Imagine a standard-issue bakery cake, embellished with thick white frosting, and you have your typical orchestral gala: a sugary-sweet confection. Now imagine slicing into that cake and finding, instead of your typical white crumb glued together with standard-issue icing, the creation of a fine French pastry chef, and you have the National Symphony Orchestra's final concert of the season, featuring Yo-Yo Ma, on Tuesday night.

It was still fun to eat, but it was a lot more substantial and nuanced than such things usually are.

Your standard gala -- like, for instance, the one that opened the orchestra's 2009-10 season last September -- features lots of short fun pieces from the lighter side of the repertory: opera overtures and interludes, sections of tone poems. Tuesday's gala chose Ravel to represent the idea of lightness and fun. But while Ravel wrote music that was sometimes on a small scale and is often beloved by audiences ("Bolero" comes to mind), he is not a cheap thrill: His music is dazzlingly inventive. Tuesday's all-Ravel first half, with "Alborada del gracioso," the suite from "Ma mère l'oye" (Mother Goose) and the "Rapsodie espagnole" offered more thoughts and ideas and timbres in a short span of time than many entire programs.

Your standard gala also offers a star soloist, and Tuesday night obligingly offered Yo-Yo Ma, one of the most beloved figures in the classical music world (the roar of excitement that rose from the audience at his entrance, after the intermission, was touching). But though Ma welcomes the affection, he doesn't trade on it. He could have played a short virtuosic showcase and abundantly filled the bill. Instead, he performed "Azul," effectively a concerto in which the cello shares solo honors with two percussionists and a hyperaccordion (a regular accordion with electronic special effects), which Osvaldo Golijov wrote for him in 2006 and revised extensively a year later. It was long, thoughtful, different and real: anything but an easy star showpiece.

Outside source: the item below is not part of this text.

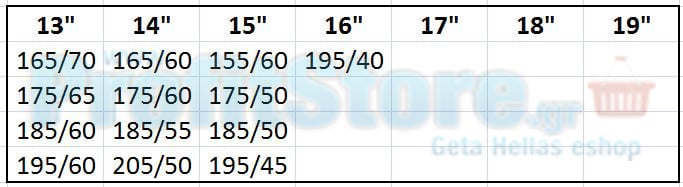 Διαστάσεις ελαστικών
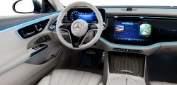 O altă noutate importantă este și a treia iterație a sistemului multimedia MBUX. Acum poți opta și pentru varianta MBUX Superscreen, care adaugă încă un ecran pentru pasagerul din dreapta, pe lângă un ecran pentru instrumentarul de bord și unul central. După cum spuneam și anterior, prin intermediul display-ului central, se va face acces la aplicații ca Tik-Tok, Zoom, Webex și Vivaldi. Vor fi disponibile și jocuri, de exemplu Angry Birds. Iar pe ecranul pasagerului vor putea fi rulate diverse conținuturi video. Și cel mai important! Camera selfie. Noua funcție va putea fi utilizată, pe lângă fotografii și video, pentru conferințe online (atunci când mașina staționează).

Galas aren't always led by big-name conductors. Jeffrey Kahane, the conductor/pianist, is a familiar quantity; he offered a lot of energy, a clear beat and an impressive ability to keep the orchestra together coupled with an ability to get the musicians to play very loud. He was great at rhythm, marshaling downright funkiness in some of the Spanish dances of the "Rapsodie espagnole," though with a hint of instability that was now exhilarating, keeping things driving forward, and now dislocating, as if the music were about to fall apart.

The final difference from the standard-issue gala was the genuine, shouting excitement of the standing ovations.